Environment details (please complete the following information):

+-----------------------------------------------------------------------------+ | NVIDIA-SMI 450.51.06 Driver Version: 450.51.06 CUDA Version: 11.0 | |-------------------------------+----------------------+----------------------+ | GPU Name Persistence-M| Bus-Id Disp.A | Volatile Uncorr. ECC | | Fan Temp Perf Pwr:Usage/Cap| Memory-Usage | GPU-Util Compute M. | | | | MIG M. | |===============================+======================+======================| | 0 GeForce GTX 108... On | 00000000:02:00.0 On | N/A | | 23% 38C P8 17W / 250W | 650MiB / 11178MiB | 18% Default | | | | N/A | +-------------------------------+----------------------+----------------------+ | 1 GeForce GTX 108... On | 00000000:81:00.0 Off | N/A | | 20% 44C P8 10W / 250W | 2MiB / 11178MiB | 0% Default | | | | N/A | +-------------------------------+----------------------+----------------------+

conda-list.txt

viclafargue commented 3 years ago

Thank you for opening the issue. The MNMG KNN Classifier & Regressor models are known to have bugs in 0.15. These should hopefully be fixed thanks to the comprehensive bug fix #2844 that will be shipped in the 0.16 release. Would be interesting to check that everything works fine with 0.16 binaries available from rapidsai-nightly channel though.
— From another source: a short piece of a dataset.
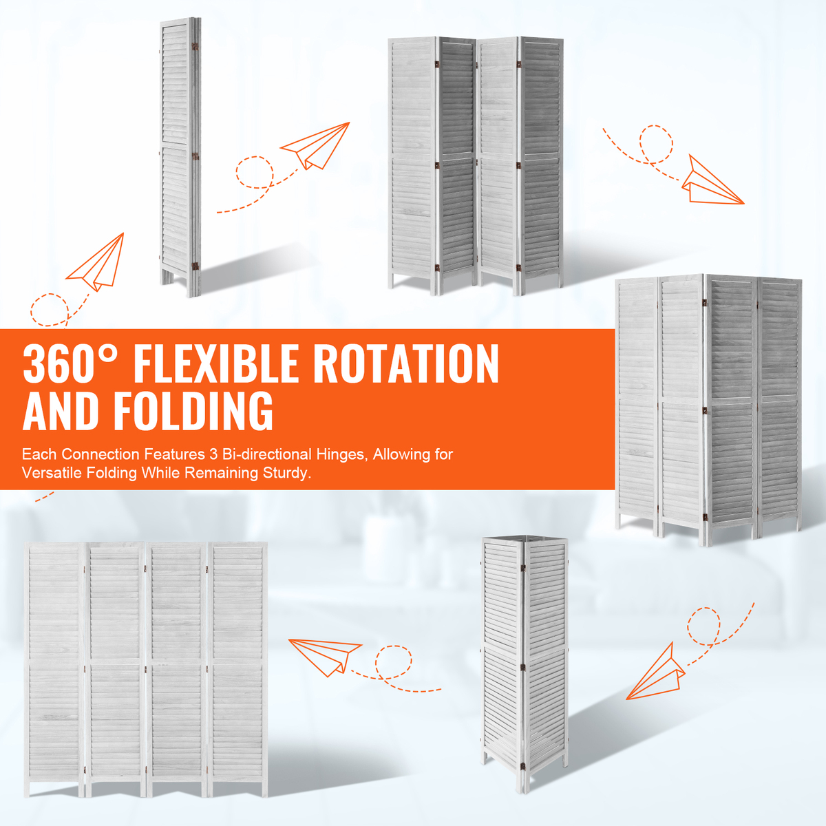 Flexible 360 Movement: Each room divider panel connects with three sturdy double-directional hinges, allowing you to rotate and fold at any angle. When not using it, fold it and tuck it away in a corner. For added stability, arrange it in a zigzag pattern to keep it from tipping over when fully extended.

pseudotensor commented 3 years ago

Hi @viclafargue , thanks.

What is the release strategy for RAPIDS? Bugs will never be fixed in prior versions? The problem with such a strategy is that new features in new releases may cause new bugs overall and break things, so it might be safer to fix minor bugs in the prior release so RAPIDS is a stable platform. So it might leave RAPIDS in an always unstable state.

i.e. some kind of LTSness at a basic level would be good, so some particular version is stable without clear failures.

viclafargue commented 3 years ago

That's a good point. It might indeed be interesting to apply patches and have long term support for specific versions every few release cycles. Especially for people/companies looking for stability to host their services that make use of RAPIDS software. I don't know if RAPIDS is willing to put a lot of efforts on this as it is still in growth phase though. Tagging @JohnZed

github-actions[bot] commented 3 years ago

This issue has been marked rotten due to no recent activity in the past 90d. Please close this issue if no further response or action is needed. Otherwise, please respond with a comment indicating any updates or changes to the original issue and/or confirm this issue still needs to be addressed.